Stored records
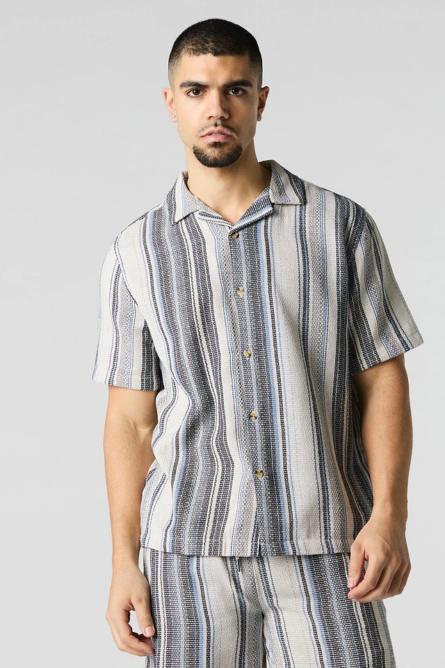 Textured Striped Button-Up Top
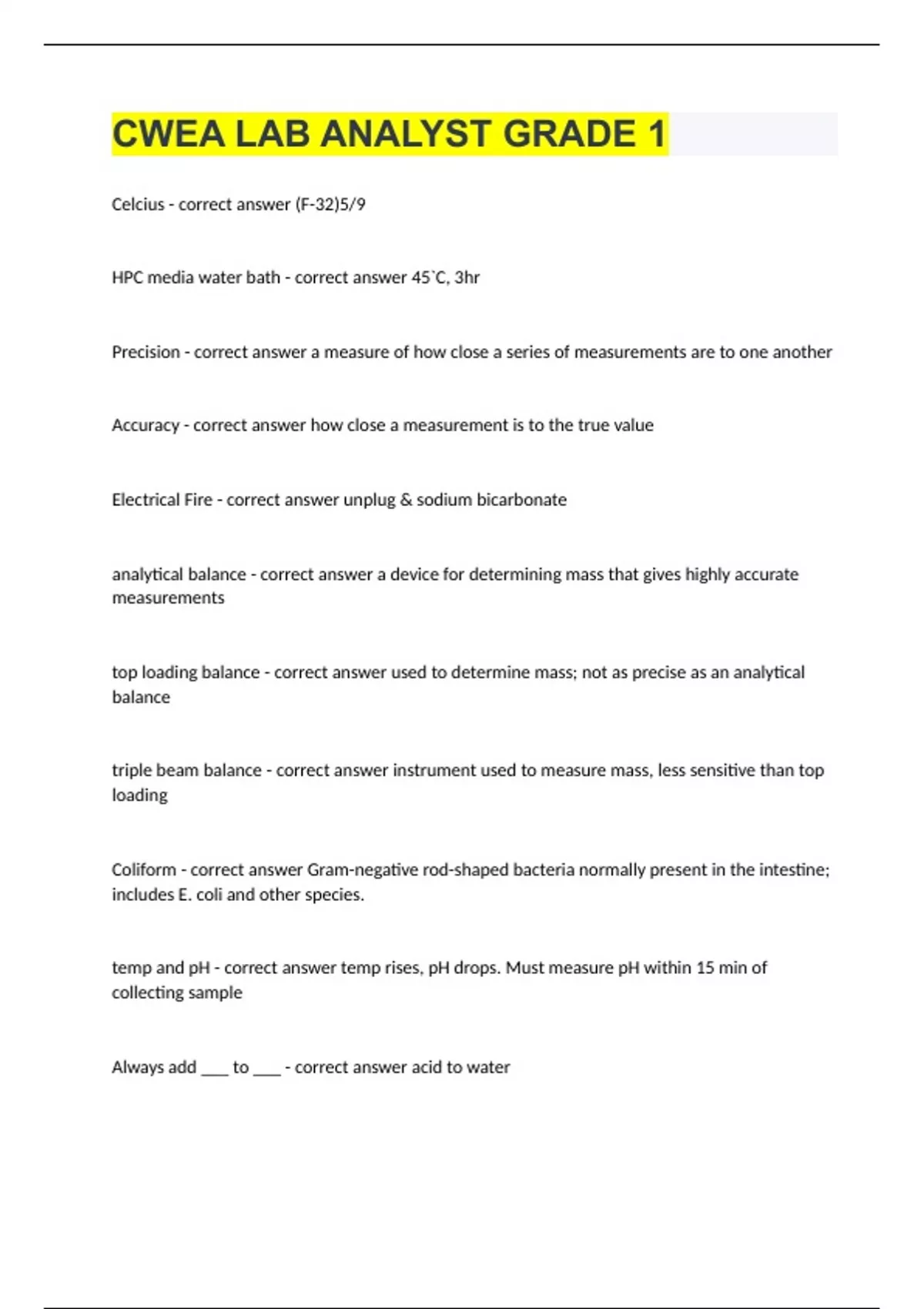 CWEA LAB ANALYST GRADE 1|2023/24 UPDATE|GRADED A+
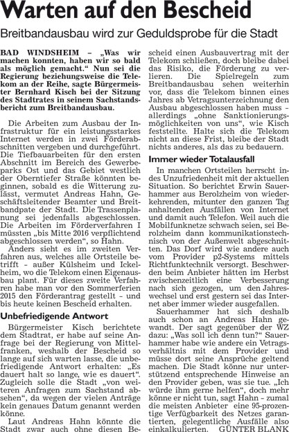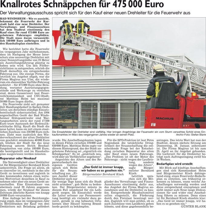 WZ 27. 1. 2016 "Stadtrat debattiert Drehleiterkauf", "Wundnetz durch ganz Nordbayern spannen"
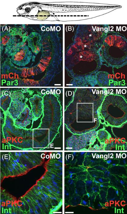 Vangl2 is required for gut lumen formation and apicobasal polarity. Embryos were injected with CoMO (A,C,E) or Vangl2 MO (B,D,F) plus mRNA‐encoding mCherry (mCh, red in A,B; as a lineage tracer) targeting the gut endoderm. Frontal sections (as indicated by the dashed line in the cartoon diagram, NF46) were immunostained for apical (Par3, green in A,B; aPKC, red in C‐F) and basolateral (integrin, Int, green in C‐F) proteins to reveal cell polarity. Boxed regions in C and D are magnified in E and F, respectively. Unlike controls (A,C), Vangl2 MO‐injected guts do not form a central lumen; the unintercalated cells (asterisks in B; boxed region in D) exhibit abnormally rounded shapes and decreased apical markers (eg, aPKC; F) compared to controls (E). Nuclei, TO‐PRO‐3 (blue). Scale bars A‐D = 75 μM. Scale bars E,F = 25 μM
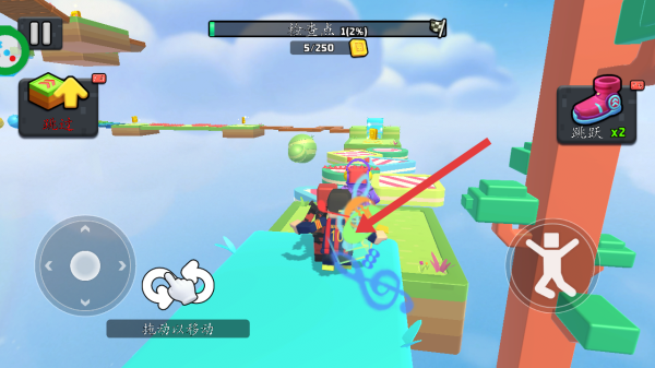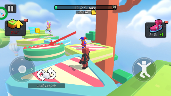 2、通過拖動屏幕來控制角色移動不同的平臺間穿梭,躲避障礙,朝著目標位置前進。
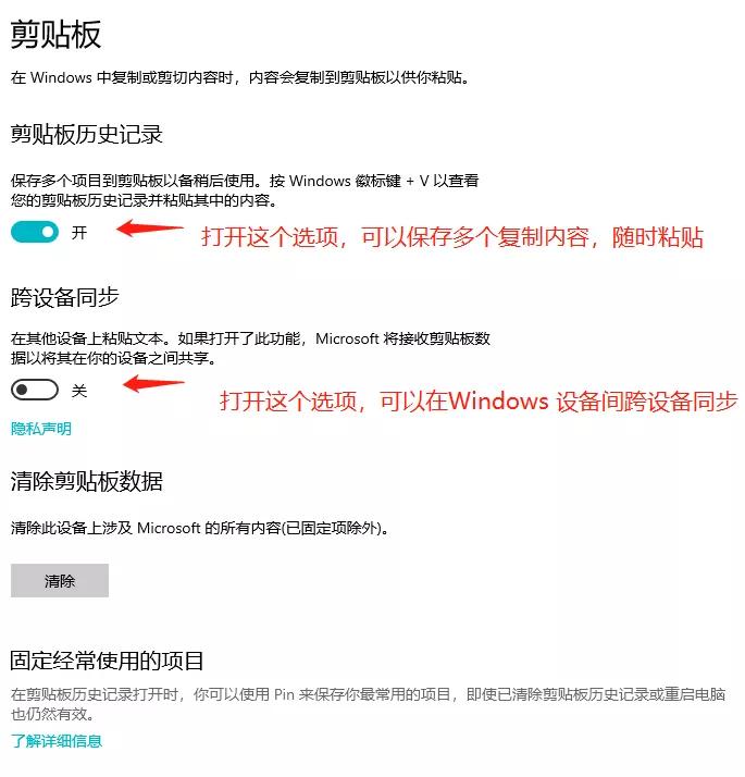 在设置面板里,剪贴板历史记录是可以让你同时剪贴多个内容,按Windows+V快捷键就可以打开剪贴板,里面的东西随时可以粘贴,不再需要每一次重新复制。
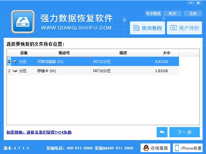1、打开强力数据恢复软件,选择相应数据恢复模式“U盘手机相机卡恢复”。
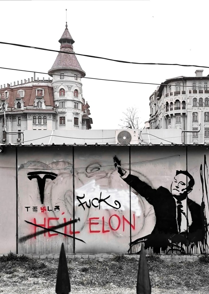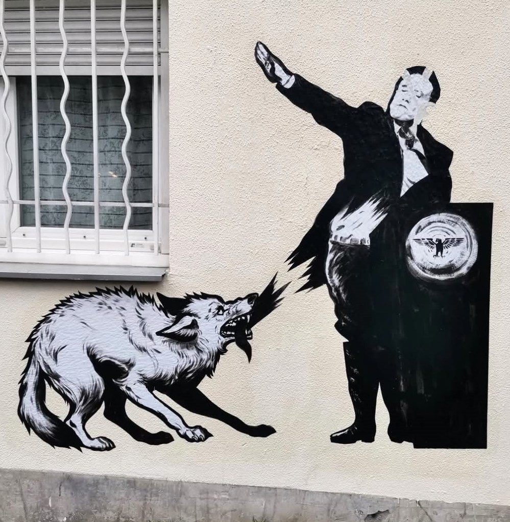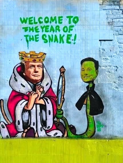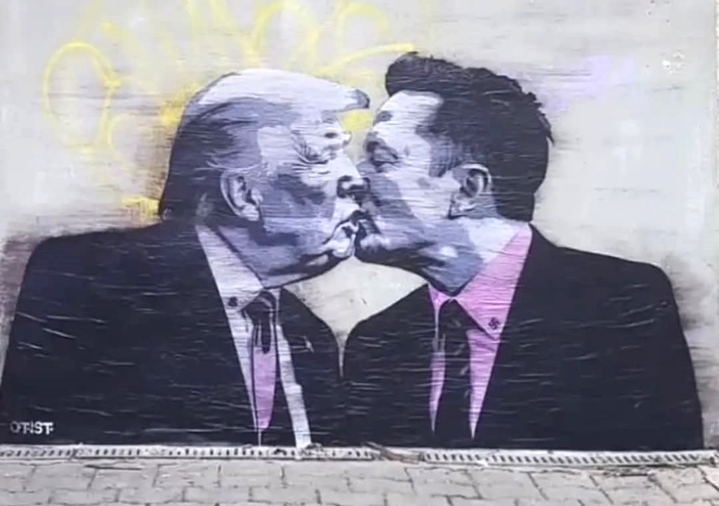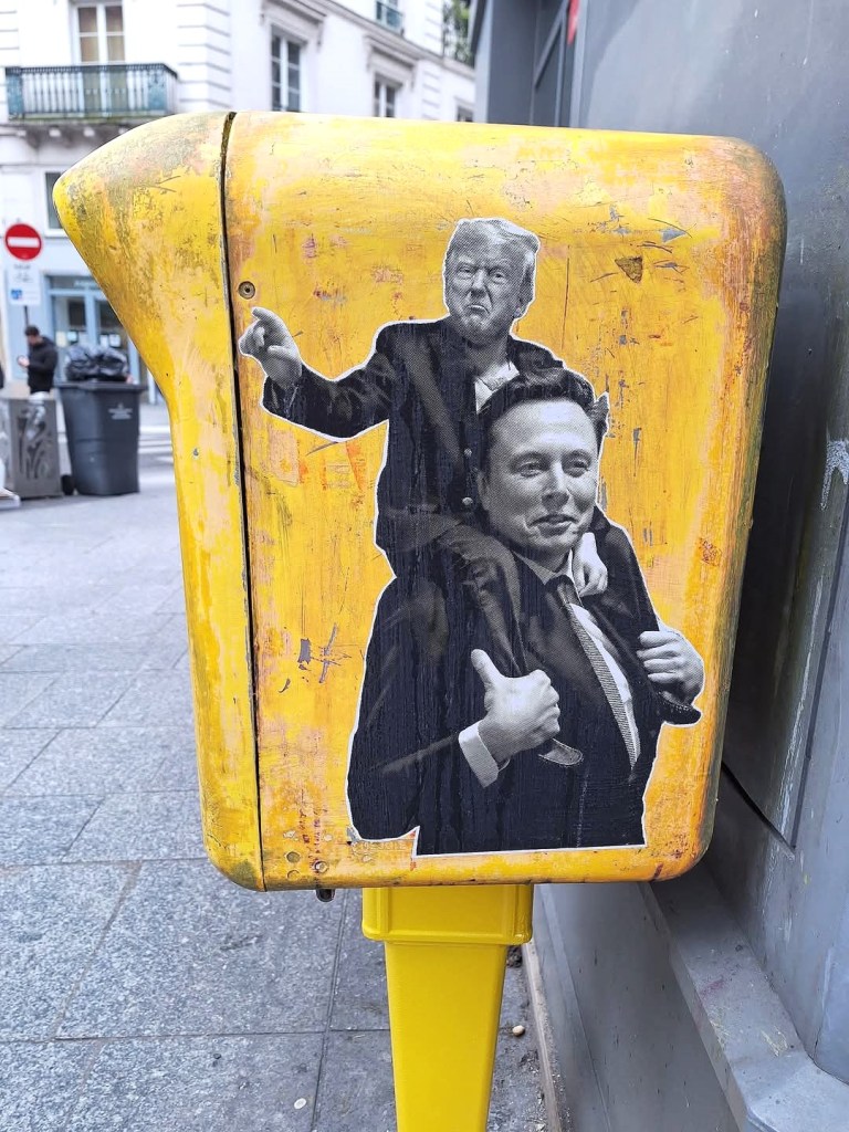 Le duo Trump/ Musk est intéressant à plus d’un titre. Musk est, dans un premier temps, ridiculisé. Nombre de street artistes ont représenté son « salut nazi ». Les artistes ne se perdent à conjectures pour savoir si le salut de Musk est un signe manifestant sa complicité avec son auditoire ou un salut identifié comme un salut nazi. C’est pour tous un nazillon ridicule.
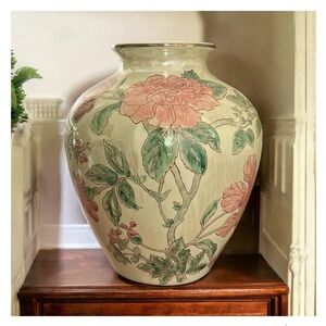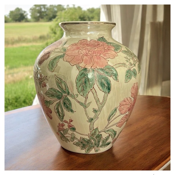Vintage Chinoiserie Vase Famille Rose Style MCM Cottagecore Romantic Pink Floral
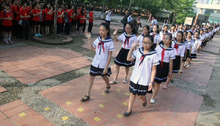 | Các em học sinh lớp 6 Trường phổ thông Lương Thế Vinh xếp hàng chuẩn bị tiến vào sân trường làm Lễ khai giảng. |
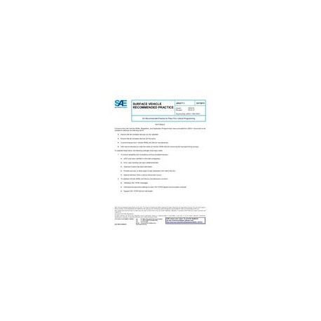 This SAE Recommended Practice describes a standardized interface that connects between a standard personal computer (PC) and vehicle. The purpose of this interface is to enable the reprogramming of emission-related control modules, in 2004 and later model year vehicles. The interface shall consist of the necessary hardware and/or software to support the requirements defined in this document. It is expected that vehicle manufacturers will provide the software application that will control the Pass-Thru Interface, to perform the actual reprogramming. The goal of this document is to ensure that reprogramming software from any vehicle manufacturer is compatible with interface supplied by any tool manufacturer. A common interface for all vehicle manufacturers reduces the tool costs for aftermarket garages, while allowing each vehicle manufacturer to control the programming sequence for the electronic control units (ECUs) in their vehicles. Aftermarket garages will be able to obtain a standardized interface from a variety of tool suppliers. This document does not limit the hardware possibilities for the connection between the PC and the interface (e.g., RS-232, RS-485, USB, Ethernetâ¿). Tool suppliers are free to choose the connection that is most appropriate for their needs. Tools that are required to be SAE J2534-1 compliant must strictly adhere to the requirements defined in this document. Applications that are required to be SAE J2534-1 compliant must strictly adhere to the requirements defined in this document. Applications that use features defined in the SAE J2534-2/xxxx document set are not considered to be SAE J2534-1 compliant.
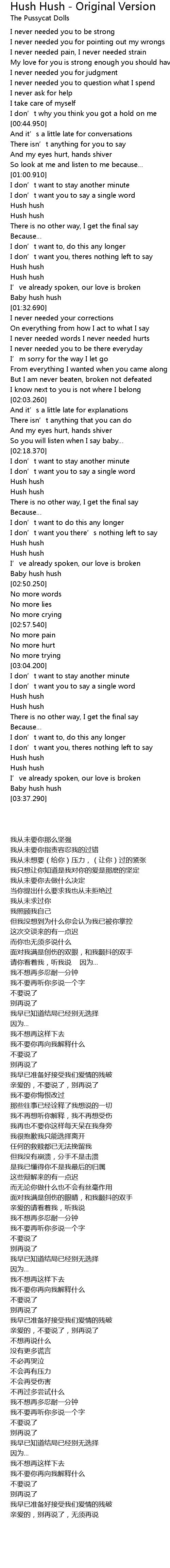 | [02:29.080] | Hush hush |
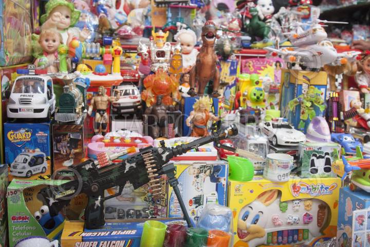 MEXICO, D.F., 03ENERO2013.- Don José tiene 38 años como locatario en el Mercado de "La Bola" en el Pedergal de Santo Domingo y en todo ese tiempo ha vendido juguetes, comenzando por los llamados tradicionales, caballos de madera, aviones de latón, los cuales ha tenido que cambiar por los de "Moda" que en su mayoria son de plástico y provenientes de China entre los cuales destacan, trompos de plástico, ametralladoras, carritos y aviones. para Don José la venta ha decaido y gracias a que la renta del local es baja puede subsistir. FOTO: FRANCISCO RODRÍGUEZ / CUARTOSCURO.COM

**AIM OF THE EXERCISE:** When copying from the data above, print only the lines from the line containing "Le duo Trump/" to the line containing "khai giảng. |", exactly, and leave the pictures out.

**FINISHED TASK:**
 Le duo Trump/ Musk est intéressant à plus d’un titre. Musk est, dans un premier temps, ridiculisé. Nombre de street artistes ont représenté son « salut nazi ». Les artistes ne se perdent à conjectures pour savoir si le salut de Musk est un signe manifestant sa complicité avec son auditoire ou un salut identifié comme un salut nazi. C’est pour tous un nazillon ridicule.
Vintage Chinoiserie Vase Famille Rose Style MCM Cottagecore Romantic Pink Floral
 | Các em học sinh lớp 6 Trường phổ thông Lương Thế Vinh xếp hàng chuẩn bị tiến vào sân trường làm Lễ khai giảng. |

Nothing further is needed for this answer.